Hmmm..... I never seem to get away with not describing my application
on this group.
History: In the late 19th century and the first half of the 20th
century people working in literary analysis sometimes tried to come up
with a single numerical measure that described the style of an author.
Nobody seriously attempts to do this nowdays, but I was just *playing
around* with the idea. Please note my emphasis on playing around. I'm
not too serious on this one.
For explanatory purposes, assume that we have two measured properties
of texts (e.g. Herdan's Vm for vocabulary richness and, say, average
word length, in reality the vectors would contain a *lot* of
measures). Assume also that the data is transformed so that the
average of each of the two dimensions is 0. If we have 5 books by
author A and 5 books by author B then we might get the graph:
^
B | B
| A
A | B
<----------+----------->
A | A
A | B
|
B V
In this case the author B is distinctive from A in that typically the
distance of B's books from the origin is larger than for A. But, again
drawing a rather optimistic graph, it might look something like this:
^
A |
A |
A |
<------------+------------>
|
B |
B B |
V
In which case, if we want to find a single number describing the
styles of authors A and B, the angle from the origin should certainly
be considered as a single number defining style. I.e. the angle (say)
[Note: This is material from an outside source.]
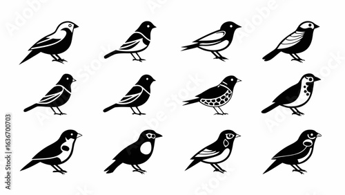 Collection of twelve stylized black and white bird silhouettes in various poses and plumage patterns | editable eps vectors
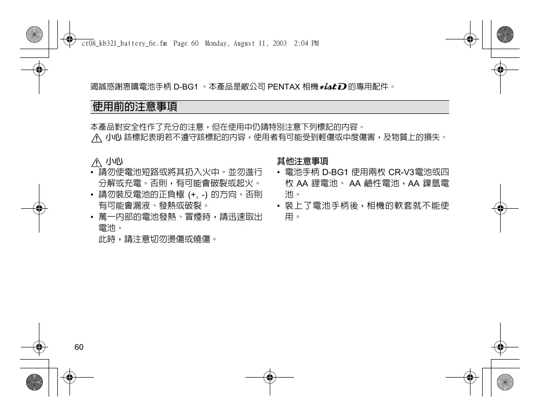 ct08_kb321_battery_6e.fm Page 60 Monday, August 11, 2003 2:04 PM 竭誠感謝惠購電池手柄 D-BG1 。本產品是敝公司 PENTAX 相機w的專用配件。

45 degrees might describe A, and 315 degrees might describe B.
So, while I'm thinking of classification, I'm thinking about
classification after the vectors describing the books have been
reduced (by some method) to a single dimension. And no cheating like
making that a complex number or using bit patterns to include several
numbers. There are a lot of ways that vectors can be reduced to a
single dimension (distances from the origin, angle from the origin,
principle component, etc), and as a very vague conjecture, I thought
that angles from some origin might be the best method. Not that it's
likely to work, but I thought it would be interesting to think about
it.
Also, I'm curious if anyone has comments on the following. Let's say
that we have a such as the normal distribution defined by two
parameters. If I define two functions f1(x) and f2(x), then I can
define a subset of the set of possible normal distributions by N(
mu=f1(x), sigma=f2(x) ). So, even though the distributions are normal,
I can define my distribution with a single number x. If I have a lot
of complex data to describe then I could have more than one
distribution still described by a single parameter x. E.g. if I have
two properties to describe, and one (Y1) is best described by a normal
distribution and the other (Y2) by a poisson distribution, then I
could create three functions so that a single argument x parameterises
both these distributions, e.g.:
Y1=N(mu=f1(x), sigma=f2(x)), Y2=P(mu=f3(x))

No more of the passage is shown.